Awakening

by Ashura

pairing:  Bran/Will

disclaimer:  don't I wish I owned Will, Bran, and the whole Dark is Rising sequence?  But alas, I don't.  and I have no money to take, because I write fanfiction rather than doing things to get paid.

notes:  technically, this ought to take place in about 1984, to really keep the timeline in place from where the books left off.  I claim fanficcer's prerogative to mess with the timing, though, and just say "present day," the way one does when writing a script. 

Also, there is a bit of Welsh in places.  I couldn't avoid it completely, but tried to keep it to a minimum, since it's been a good 15 years since anyone actually asked me to say anything in Welsh, and I try to keep from butchering a perfectly lovely language.  Translations at the bottom.

****

"...Loving bonds," Merriman said, "are outside the control even of the High Magic, for they are the strongest thing on all of this earth."

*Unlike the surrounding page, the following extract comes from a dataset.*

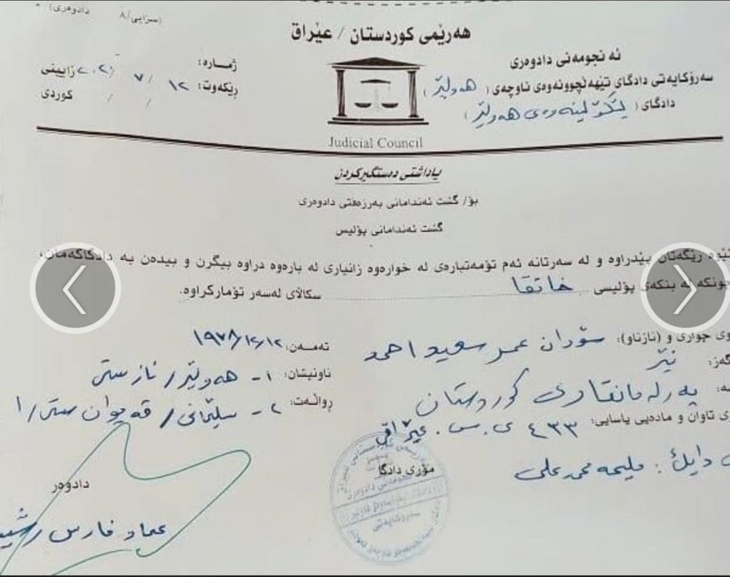 وجاء في المذكرة أن “المحكمة تخول جميع اعضاء الانضباط العدلي وجميع منتسبي الشرطة وتأمرهم بالقاء القبض على المتهم وتسليمه للمحكمة بسبب وجود شكوى ضده في مركز شرطة خانقا في اربيل”.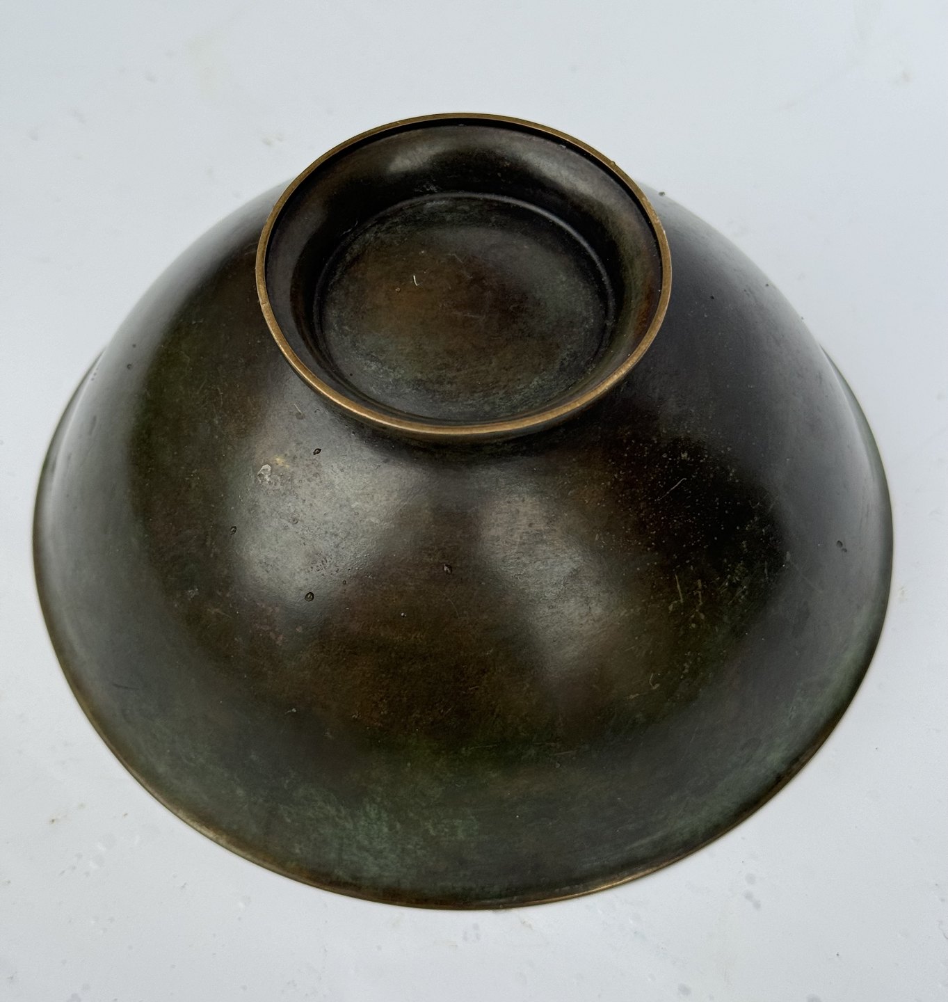 Just Andersen Let Bronze (LB). bronzepatineret skål på fod. Fremstillet på fabrikken omkring 1940. I god stand med få brugsspor. Fabriksmærket på bunden med det velkendte logo samt modelnummer LB 1337. Mål: H. 6 cm

            --Silver on the Tree

part i:  unigrwydd

The smell of sweat is terrifying.  It's not the unpleasant body odor kind of sweat that comes from honest work, or the tangy, musky kind that lingers in the air after sex.  It's nightmare sweat—panic in liquid form, oozing out of my body, stinging my skin as I flail free of the blankets that pinion me to my bed.  I've been dreaming again, and it is horrible.

4.07 in the morning.  Red numbers flashing in the dark like the eyes that followed me through my dreamscape.  For months now I've been trying to escape them, red eyes and black horses, a roiling storm of steel-grey and crimson.  They come sporadically, without reason or announcement, to haunt my sleep, and almost, almost I comprehend them.  I grasp for knowledge of them even as I flee them.

I'm shivering.  I was so hot only a few moments ago, but now the cold autumn air against my sweat-damped skin chills me.

I can't do this anymore.

The wooden floor is so cold against the bottoms of my feet, but I wrap the blanket around my shoulders and pad into the hallway.  I do this every time, and I never make it more than a few steps out my bedroom door.  It's so quiet here when I'm alone, and this time I make it all the way into the living room, as far as picking up the phone.

I stare at it, I'm not sure how long.  Whenever I wake up like this, I always think I'm going to call, but I never do.  It's been too long, and I'm not confident that we have the sort of friendship that privileges me to call in the middle of the night because of a bad dream.

But this time I'm more shaken than before, and I need to hear his voice—even if all he does is snap at me and hang up, I think, even that would jar me back into the world.  Even that would be something.

So I dial.  I have the number memorised, even though I almost never use it.  The order of the numbers is burned into my eyelids.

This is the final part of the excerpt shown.